When Peer Connection Status is showing 'down' in the output of the CLI Command > show high-availability all

Environment


  • PAN-OS
  • High Availability (Active-Passive or Active-Active)


Cause


If the output of >show high-availability all shows Peer Information as 'Connection status: down' on the Active or Active-Primary firewall in the HA pair, the user may experience failovers or a degraded network environment.

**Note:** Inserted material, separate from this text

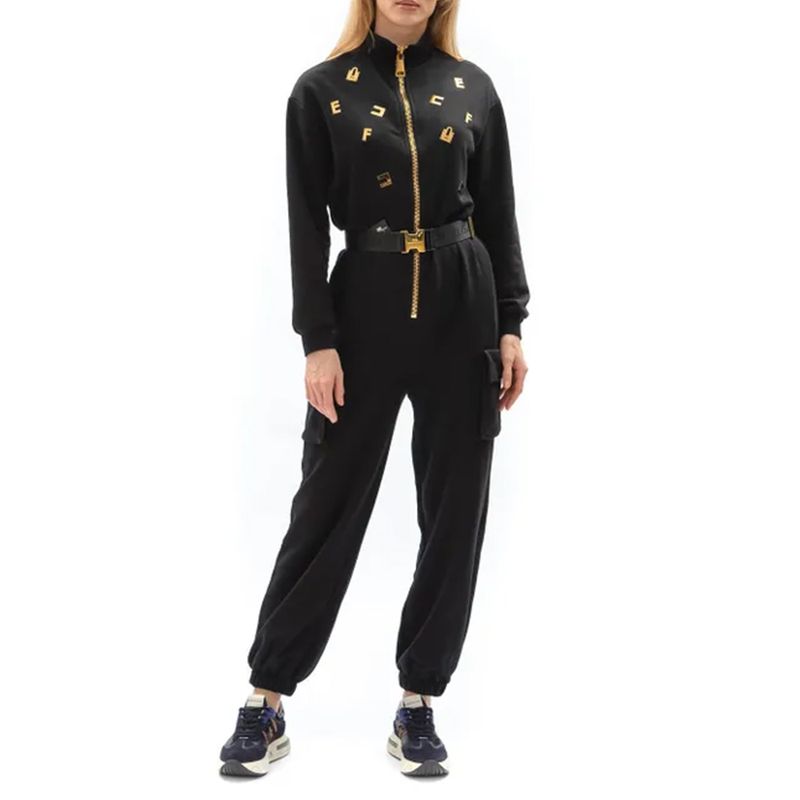 Enterizo Elisabetta Franchi para mujer de diseño contemporáneo y espíritu urbano, confeccionado para ofrecer comodidad sin perder sofisticación. Presenta una silueta relajada con cintura ajustable mediante cinturón integrado, cierre frontal con cremallera metálica y detalles de letras doradas que aportan un acento distintivo de la marca. Su diseño versátil lo convierte en una prenda ideal para looks casuales elevados o estilismos urbanos con carácter, manteniendo siempre la estética elegante y moderna característica de Elisabetta Franchi.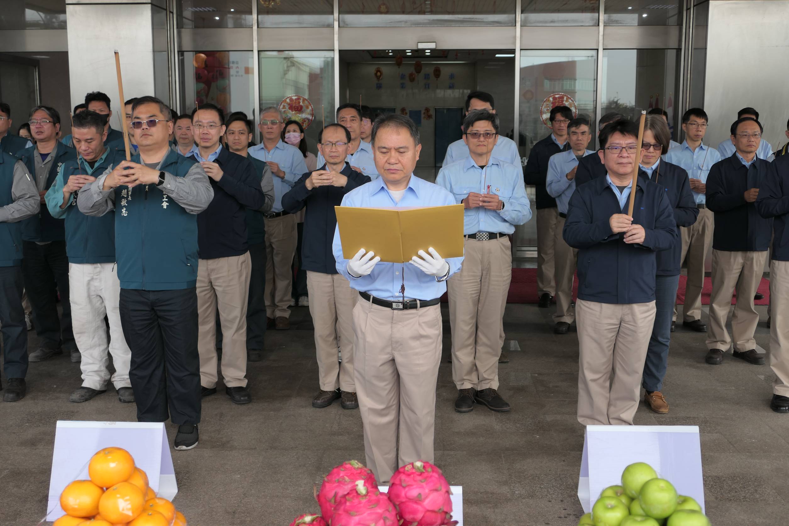 中龍鋼鐵2/24日舉辦115年新春開泰祈福典禮,由總經理梁乃文擔任主典官,生產部門副總經理洪正雄以及中龍企業工會理事長趙敏志擔任陪典官,與公司經理部門、各單位主管及工會理監事等焚香祈福,祈求馬年營運昌隆、平安順遂。

While the most common reason for HA peer not being detected is the HA links going down, there can be other reasons such as: 
• Peer firewall not able to process/receive HA heartbeats at that time (Example: high CPU, high memory, resource issue, overutilization/DDoS, link issue etc.)
• Peer firewall not able to respond to/send HA heartbeats at that time (Example: high CPU, high memory, resource issue, overutilization/DDoS, link issue etc.)
• HA link hardware issue (faulty cable, faulty SFP, faulty port, firewall backplane issue, electrical issue)
• Any latency or packet loss on the HA links
• Geographic distance between the 2 firewalls in the HA pair is too long/far for the HA cable/SFP type specification
• Other system / process issues that can occur


Resolution


  1. Identify the exact date and timestamp the HA failover / HA failure occurred
  1. In the Firewall Web GUI, navigate to Monitor > System Logs
  2. Navigate to the date and timestamp the HA failure occurred, and identify if there are any other System Logs around that time which could indicate an issue with the firewall health overall (any interfaces going down, processes exiting, high CPU/memory utilization, Link and Path Monitoring going down, etc.)
  3. If other events are found which could have contributed to the HA connection being down, find that event's root cause and resolve it
  1. Verify both firewalls meet the requirements for HA
Using the document below, verify that both firewalls have the exact same model, PAN-OS version, interfaces, licenses, vsys capabilities, etc.
Prerequisites for Active/Passive HA
Prerequisites for Active/Active HA
 
  1. Identify HA Peer Connection down reason
Review the output of the below CLI command to identify the cause for the HA Peer Connection down on both firewalls:
>show high-availability all
Group 1: 
 Mode: Active-Active
Local Information:
    Mode: Active-Active
    State: active-primary (last 1 hours)
    Last non-functional state reason: Dataplane down: brdagent exiting
Peer Information:
    Connection status: down
    Connection down reason: HA1 link went down
    Last non-functional state reason: Dataplane down: user triggered

Other possible Connection down reasons include:
  • Heartbeat ping failure
  • Never able to connect to peer
  • Error in connection detected
  • Peer HA agent exiting
  • Hello protocol failure
  • Capability exchange with peer failed
  • HA1 encryption configuration mismatch
  • SSH Tunnel reset
 
Tip: It is also a good idea to take note of 'Last non-functional state reason' as it can often help you find the root cause of the failure
 
  1. Verify the status of the HA interfaces and resolve any hardware or software interface/link issues on both firewalls
  1. Dashboard > click Widgets > System > click High Availability
HA healthy dashboard
 
  1. >show high-availability interface < ha1 | ha2 | ha3 >
show high-availability interface ha1
show high-availability interface ha3
  1. Verify a supported SFP is being used
Always use SFP's from the list of supported SFP's by Palo Alto Networks for the HA ports. Unsupported SFP's have not been tested and validated for use in Palo Alto Networks devices. If an unsupported SFP is used, it is likely that the interface may never come up, flap, and other issues may occur. Palo Alto Networks TAC may refuse support if an unsupported SFP is used. If you are currently using an unsupported SFP, replace it with an SFP from the list of supported SFP's below before proceeding.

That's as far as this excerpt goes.